ROOT Version: 6.16 and 6.18 Platform: Linux Compiler: GCC 7.4.0
Hello, I am profiling an application that depends on ROOT TObjects and TRefs. We process events in parallel and in this sense each thread usually creates, copies and destroys thousands of TObjects that contain TRefs.
When we use more than 8 threads we start to see performance degradation due to some global locking in the TRef assignment operator.
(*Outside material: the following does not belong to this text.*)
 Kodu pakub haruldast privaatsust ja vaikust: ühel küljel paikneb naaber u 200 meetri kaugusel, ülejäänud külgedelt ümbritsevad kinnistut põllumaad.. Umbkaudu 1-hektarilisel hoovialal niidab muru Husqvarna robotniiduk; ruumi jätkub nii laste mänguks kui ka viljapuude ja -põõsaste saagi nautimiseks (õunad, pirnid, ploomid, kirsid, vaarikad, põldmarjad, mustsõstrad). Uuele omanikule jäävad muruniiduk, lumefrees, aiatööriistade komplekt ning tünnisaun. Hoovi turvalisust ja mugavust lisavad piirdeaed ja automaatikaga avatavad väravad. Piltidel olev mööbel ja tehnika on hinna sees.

Take this case where 60% of the wait time is spent in TRef.
Please note that this exact issue was previously reported for ROOT version 6.12 and 6.14
Although the penalty of using TRefs in our use case has decreased by ROOT version 6.16, the problem still exists and whenever a thread is copying a TRef all other threads lock waiting for it to finish.
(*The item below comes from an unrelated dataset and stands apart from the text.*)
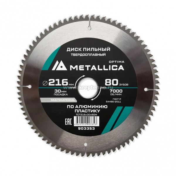 Купить Диск пильный по алюминию, пластику METALLICA Optima в Екатеринбурге и Свердловской области можно в сети магазинов КРЕПЕЖ-СИТИ.
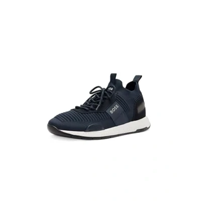 BOSS Men's Mesh Mix Running Sneakers, Sky Captain Navy, 7 UK

A sample code that describes our use case was provided in the linked issue along with stack traces.
Is it possible to bypass the need for such locks ROOT::TReentrantRWLock? or is it possible to reduce the penalty of using TRefs?
re: TRefArray: we had some very strange issues when writing TRefArrays to a file and accessing them later on. This is why we exchanged them for a vector. Would you expect a better performance when using TRefArray?
and all that said … as far as I can tell if the TObject are really new and then the lock should not be taken often as their is a short cut caching the information … (i.e. I really need a reproducer … even if it is the full example).
In theory the TRefArray should better as they are designed to lookup in the global table ‘less often’ (i.e. one per collection rather than once per object) [That is ‘of course’ minus any bugs and over-sights ]